[Task brief]:
From the first line to the last, output the data exactly as it stands, minus its pictures.

[Dataset section]:
<<<<

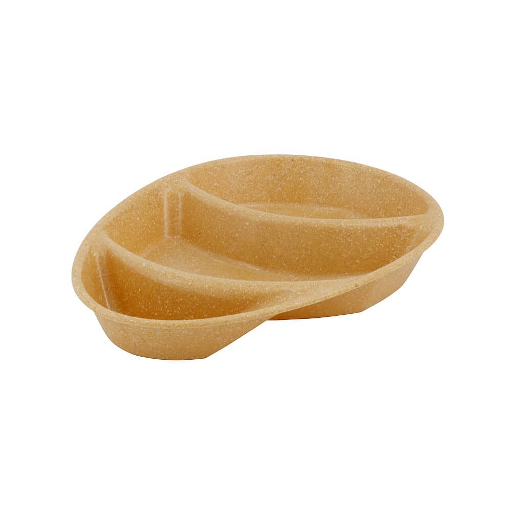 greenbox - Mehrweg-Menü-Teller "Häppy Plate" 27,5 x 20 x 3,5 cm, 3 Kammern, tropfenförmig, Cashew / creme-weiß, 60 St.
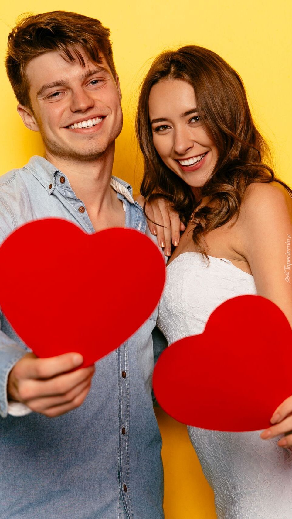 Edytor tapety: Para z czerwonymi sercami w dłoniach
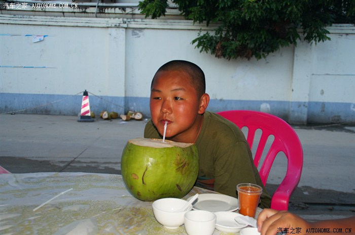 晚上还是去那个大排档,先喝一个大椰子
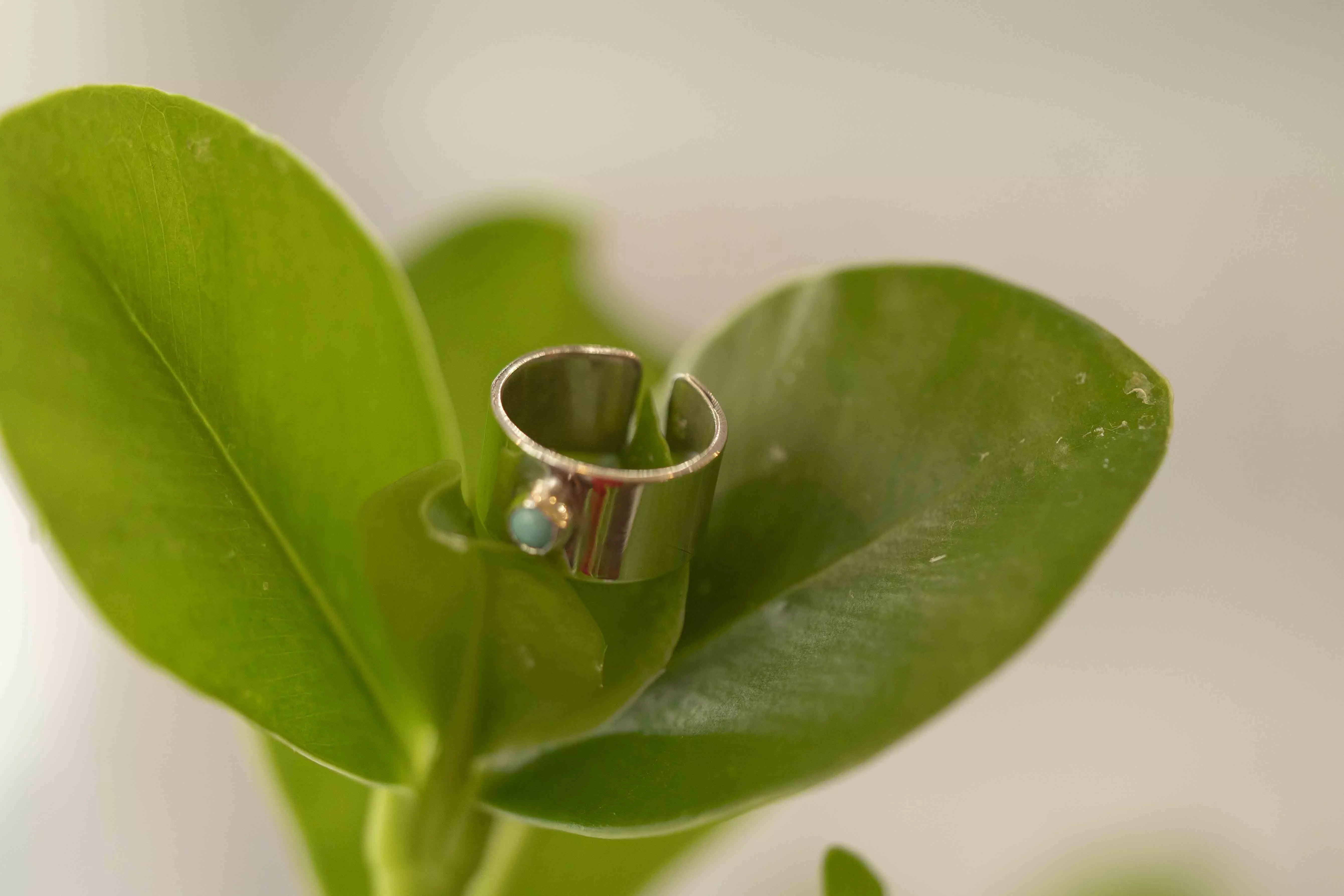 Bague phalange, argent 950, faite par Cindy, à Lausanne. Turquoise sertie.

>>>>

[Written reply]:
 greenbox - Mehrweg-Menü-Teller "Häppy Plate" 27,5 x 20 x 3,5 cm, 3 Kammern, tropfenförmig, Cashew / creme-weiß, 60 St.
 Edytor tapety: Para z czerwonymi sercami w dłoniach
 晚上还是去那个大排档,先喝一个大椰子
 Bague phalange, argent 950, faite par Cindy, à Lausanne. Turquoise sertie.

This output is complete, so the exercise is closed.